Vermonters are known for their love of the land and fiercely independent spirit, and what role—if any—religion plays in their lives is rarely considered. But three faculty members in the University of Vermont (UVM)’s Department of Religion are seeking to change that with help from the National Endowment for the Humanities (NEH). Thomas Borchert, Vicki Brennan, and Ilyse Morgenstein Fuerst, all professors within the department, have received a $150,000 NEH grant to study religion in Vermont by training undergraduate students to do research and providing those students with opportunities to put that training into practice. They have set themselves an ambitious goal with this project: to investigate the complex, unexplored landscape of religious and spiritual life in Vermont.

Considered one of the least religious states in the country, Vermont does indeed boast a relatively small church-going population. In fact, the Pew Research Center’s 2023-24 Religious Landscape Study ranked Vermont the least religious in the United States, with only 13 percent of adults considering themselves “highly religious.” But the researchers suspect there’s a lot more to the story. “Although many Vermonters do not actively go to religious institutions, there are many that do, and so making sense of the experiences of these people is one of our goals,” says Borchert, who is also chair of the Department of Religion. He notes that there are also many Vermonters who focus on alternative religiosities or see themselves as “spiritual but not religious.”

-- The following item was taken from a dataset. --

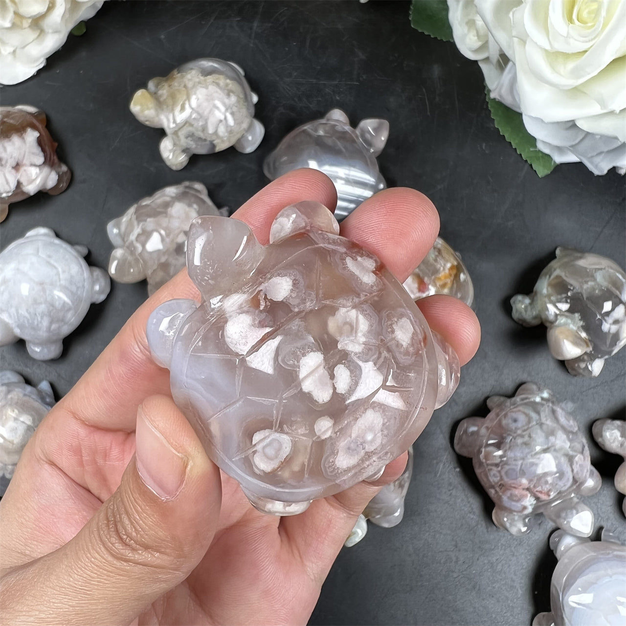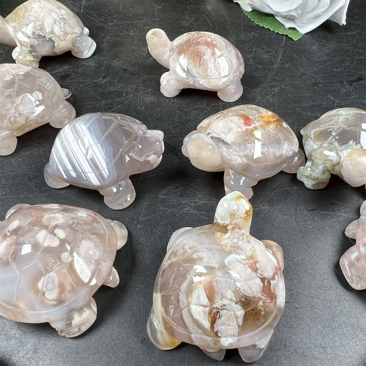 Cherry Blossom Agate Turtle Carvings

Academic research on religion in Vermont is so sparse as to nearly be nonexistent. Borchert discovered this several years ago when he typed the terms “religion” and “Vermont” into a search engine and the only things that came up were a few outdated newspaper articles. That was the catalyst for an initial project, led by Borchert and funded by a REACH grant from the university, that produced a database and map of active Vermont religious institutions. “We found there were something like 650 of them, which seemed a lot to me given the size of Vermont and the perception that there’s no religion here,” Borchert says. This was followed by a Public Humanities Fellowship from the UVM Humanities Center, led by Brennan and Borchert, which had students examine the sounds of religion in Vermont as well as politics in religious spaces. 

The new project will provide interested undergraduate students with applied research and internship opportunities that haven’t been readily available up until now. Students will be able to build on the ideas and skills they learn in their religion courses by working with archives and communities in the state and producing public-facing reports on their findings. 

Internships have presented their own challenges, as UVM is a public university bound by the Establishment Clause of the First Amendment. “We’re not pro- or anti-religion; we describe and understand how religion works in society. So, the who, where, and how of having students do internships in this area has been a real question for us over the years,” Borchert explains. But, one day, he was talking with a colleague who has developed internship opportunities for his students with new American communities and a light bulb went off. “It occurred to me that I had not been creative enough in considering ways for students to be involved with research and internships,” he says. “Religious institutions do a lot of work that is considered more social service than religious.” 

So, when the call for grant applications came out from the NEH, Borchert, Brennan, and Morgenstein Fuerst worked together to formulate a plan to overcome these hurdles and marry the gathering of knowledge about the state of religion in Vermont with the creation of new learning opportunities for students. 

That work will begin in earnest this summer. “That’s when the three of us will design a class to train students to do research on religion in Vermont,” Borchert says. “We’ll also develop a network of institutions where students can either do that research or work in internships.” The course will debut in spring 2027, then the trio plans to direct 10 student projects in the summer and fall of that year.

All of this will benefit the state in a way that, arguably, only a land-grant university—with its research capabilities and mandate to provide benefits to the state—could. “It’s not always easy for the humanities to lean into UVM’s land grant mission,” Borchert says. “But it seems that understanding what roles religion plays in the lives of the people and communities in the state of Vermont will do just that.”

Borchert is eager to begin working with his colleagues and students to make that happen. “The familiar narrative about religion in our state is that there is none,” he says. “The goal of this project is to train students to create the knowledge we need to tell the real story.”